═══ SOURCE INFORMATION ═══

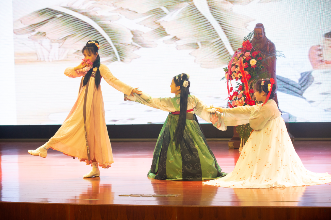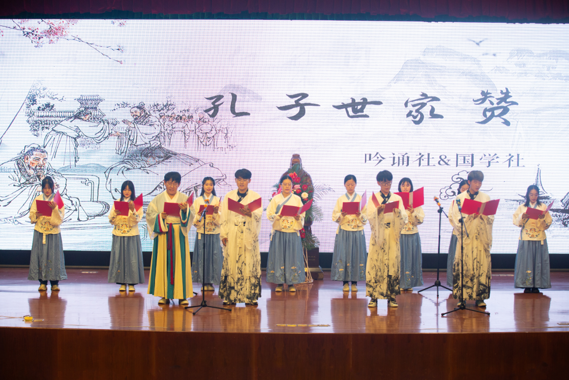 启动仪式以向孔子敬献花篮开始,主持人带领师生齐声朗诵感恩词,向孔子三鞠躬致敬礼。活动的最后,进行了文艺演出。曲军晖老师的一曲铿锵有力、激情四射的《忘不了》拉开了演出序幕,接下来的《孔子世家赞》《幽兰操》《簪花仕女》《明月几时有,把酒问青天》等一个个朗诵、吟诵、舞蹈节目,精彩纷呈,目不暇接,最后由傅丽娜、李秋霖、于秀娟三位老师演唱的高亢、甜美的《梨花颂》,更是将活动推向高潮。
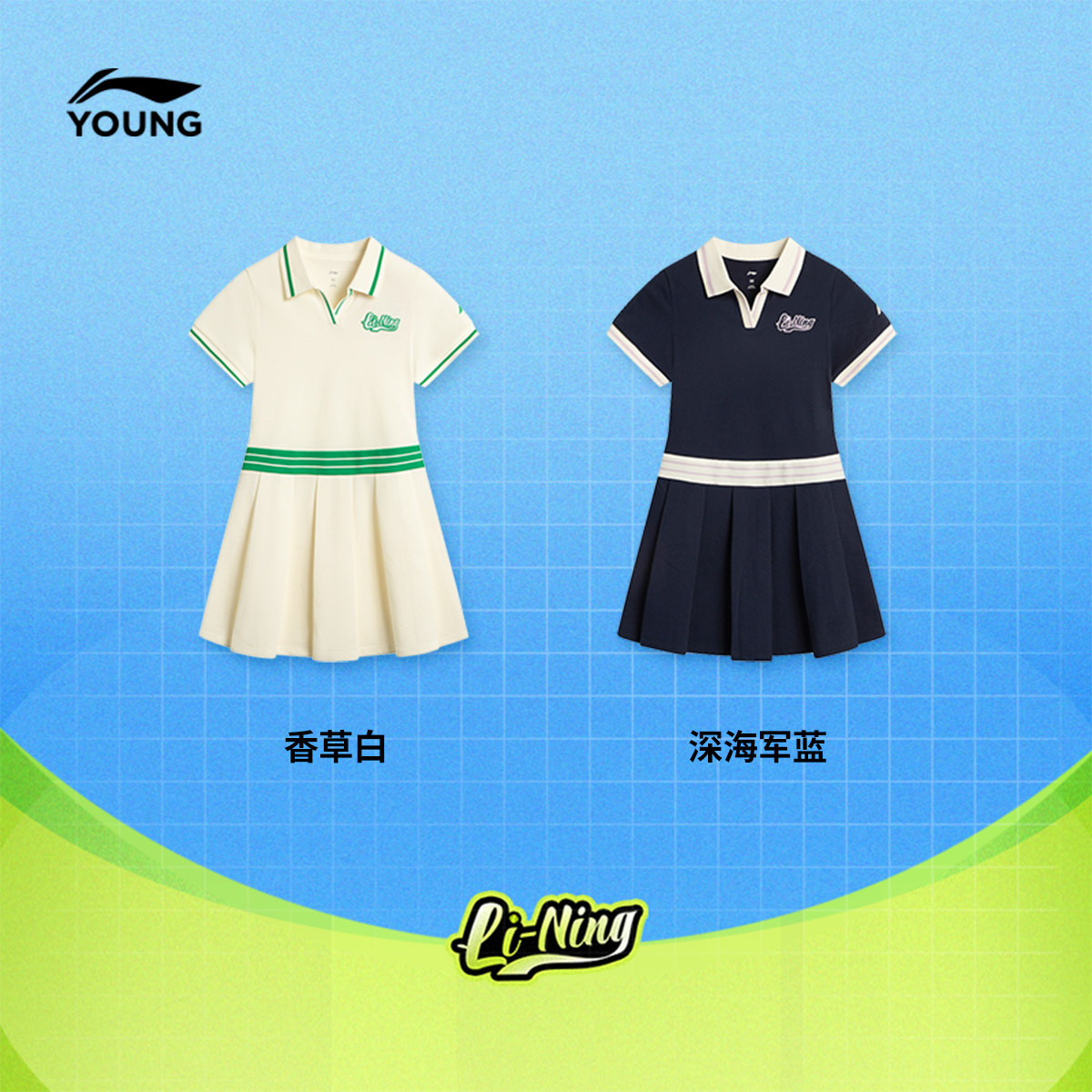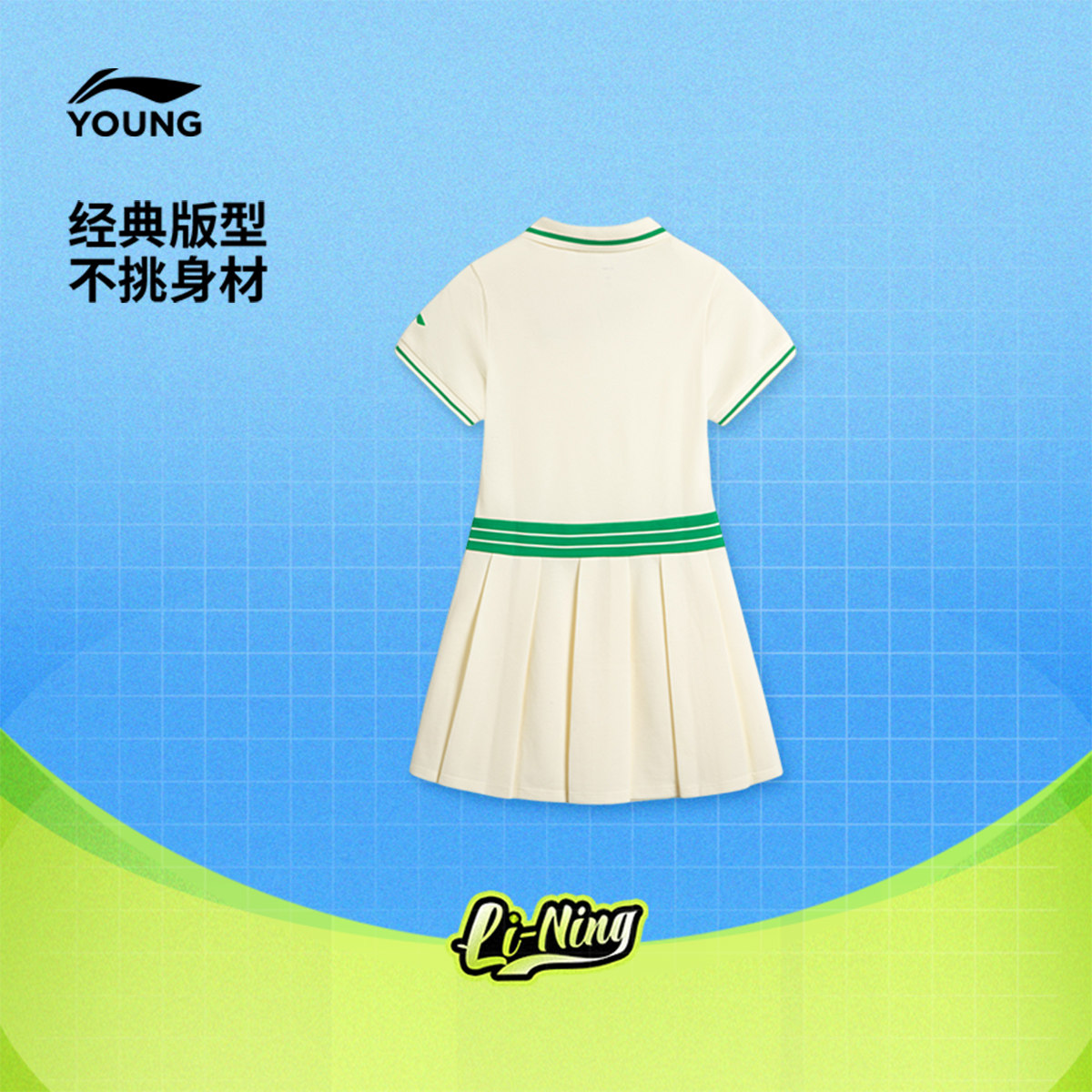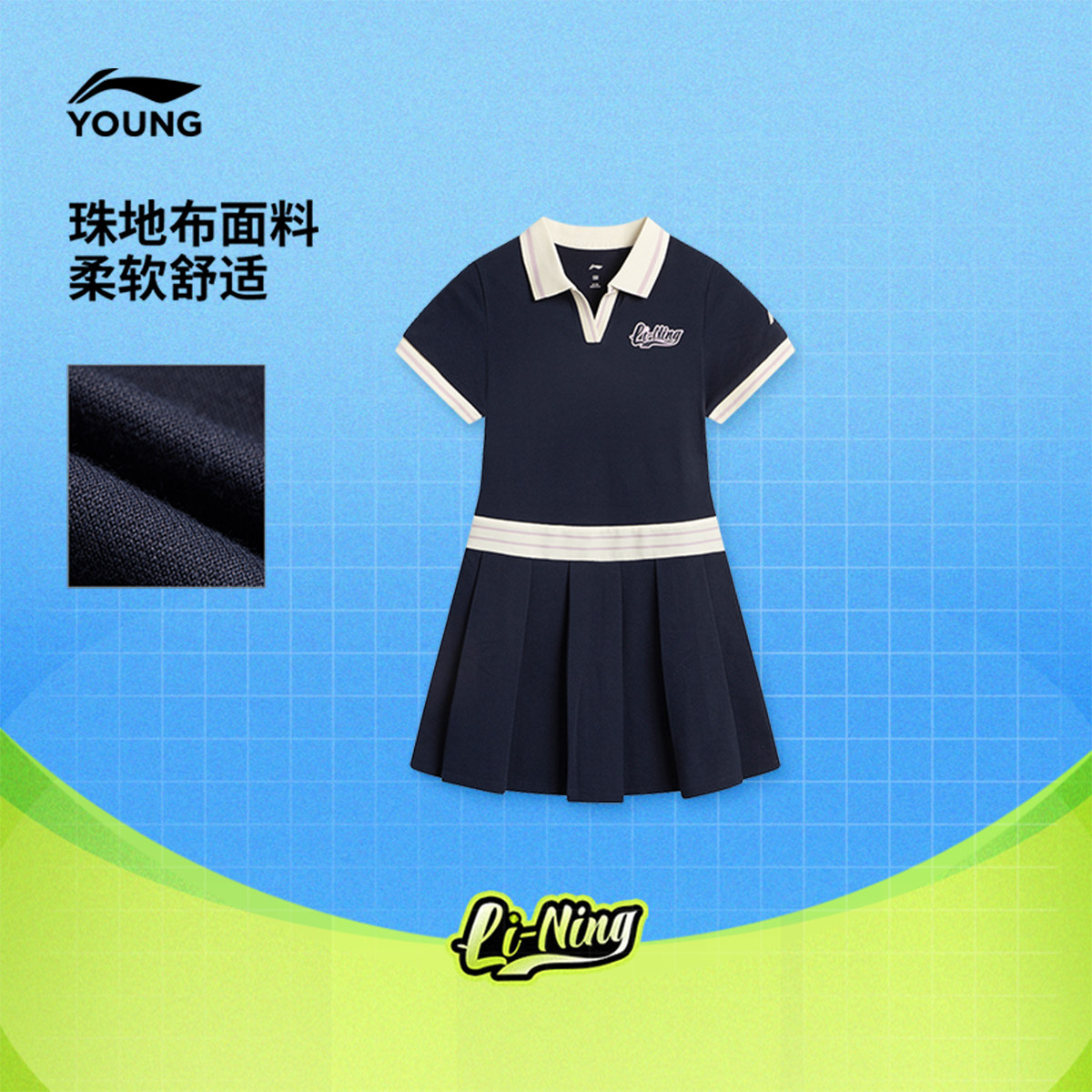 李宁儿童连衣裙女大童夏装新款网球系列翻领夏季针织童装
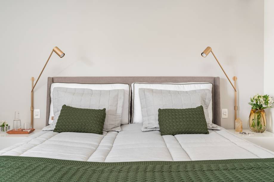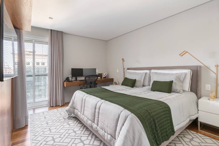 No quarto do casal foram mantidos os elementos principais, como o painel e a escrivaninha, mas foi feito um retrofit, com a inclusão de uma cabeceira estofada, mesinhas de cabeceira nos dois lados da cama com iluminação, para os momentos de leitura, além de uma produção em decoração e enxoval.
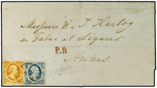 1,3 1852 AMSTERDAM a ANVERS (Bélgica). 5 cts. azul y 15 cts. amarillo. MAGNIFICA.
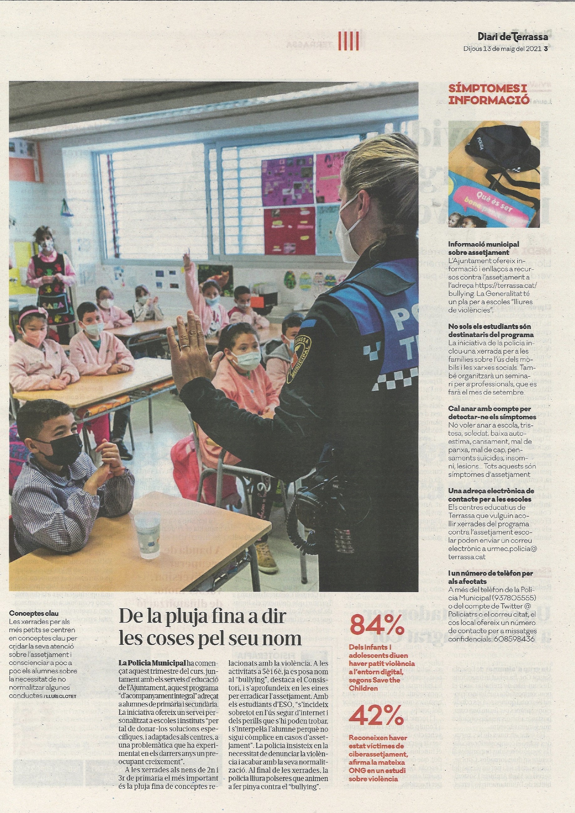 Els infants van gaudir d’una fantàstica xerrada pedagògica, promoguda per la Policia Municipal de Terrassa, que tenia per objectiu conscienciar sobre la necessitat de no normalitzar conductes que en un futur podrien desencadenar en assetjament escolar.
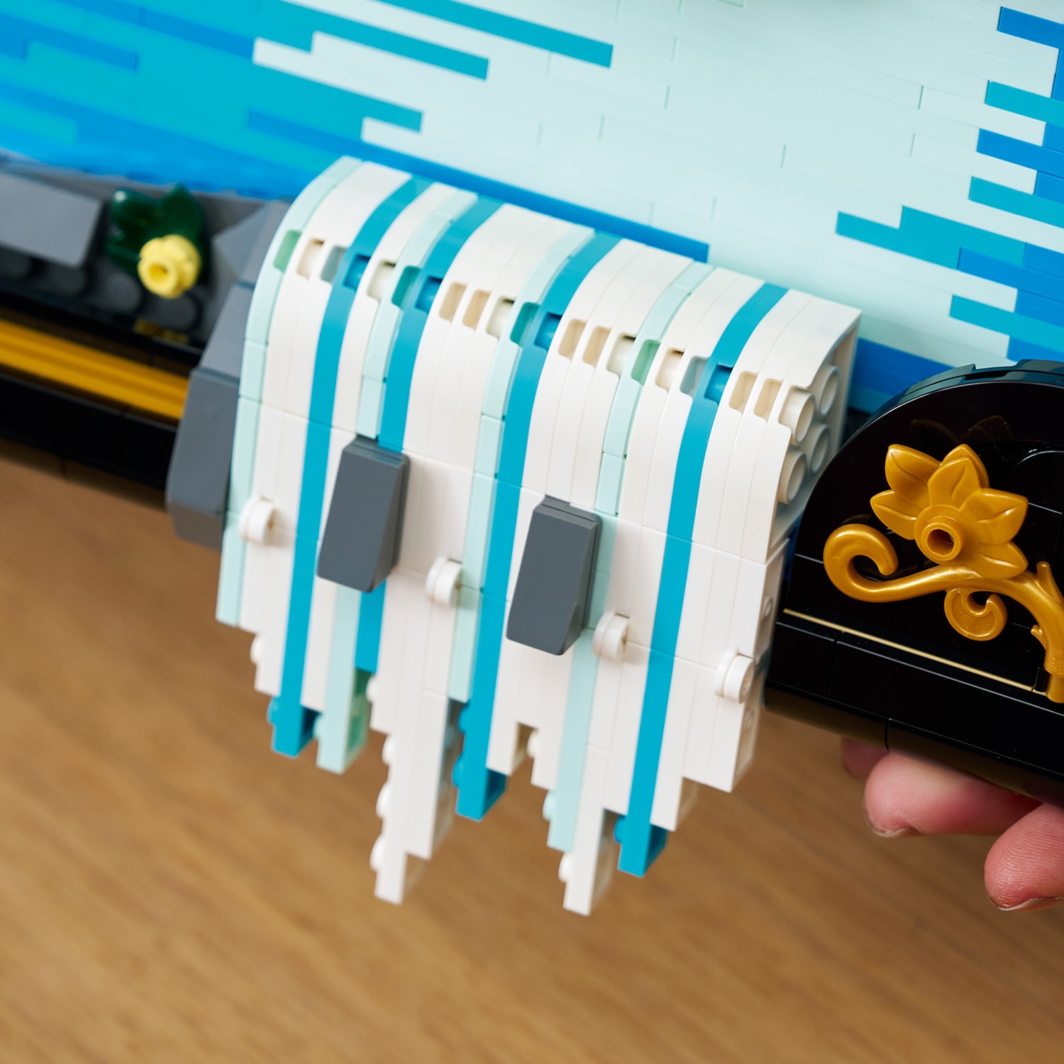 - Kohandatav 3D-kosk - LEGO kunstikomplektis on kosk, mis voolab raamist välja, nii et seinale riputatuna voolab see otse välja ja püsti asetatuna voolab tasasele pinnale

═══

**EXERCISE**
Transcribe every record exactly and omit each image.

**ANSWER TO THIS TASK**
 启动仪式以向孔子敬献花篮开始,主持人带领师生齐声朗诵感恩词,向孔子三鞠躬致敬礼。活动的最后,进行了文艺演出。曲军晖老师的一曲铿锵有力、激情四射的《忘不了》拉开了演出序幕,接下来的《孔子世家赞》《幽兰操》《簪花仕女》《明月几时有,把酒问青天》等一个个朗诵、吟诵、舞蹈节目,精彩纷呈,目不暇接,最后由傅丽娜、李秋霖、于秀娟三位老师演唱的高亢、甜美的《梨花颂》,更是将活动推向高潮。
 李宁儿童连衣裙女大童夏装新款网球系列翻领夏季针织童装
 No quarto do casal foram mantidos os elementos principais, como o painel e a escrivaninha, mas foi feito um retrofit, com a inclusão de uma cabeceira estofada, mesinhas de cabeceira nos dois lados da cama com iluminação, para os momentos de leitura, além de uma produção em decoração e enxoval.
 1,3 1852 AMSTERDAM a ANVERS (Bélgica). 5 cts. azul y 15 cts. amarillo. MAGNIFICA.
 Els infants van gaudir d’una fantàstica xerrada pedagògica, promoguda per la Policia Municipal de Terrassa, que tenia per objectiu conscienciar sobre la necessitat de no normalitzar conductes que en un futur podrien desencadenar en assetjament escolar.
 - Kohandatav 3D-kosk - LEGO kunstikomplektis on kosk, mis voolab raamist välja, nii et seinale riputatuna voolab see otse välja ja püsti asetatuna voolab tasasele pinnale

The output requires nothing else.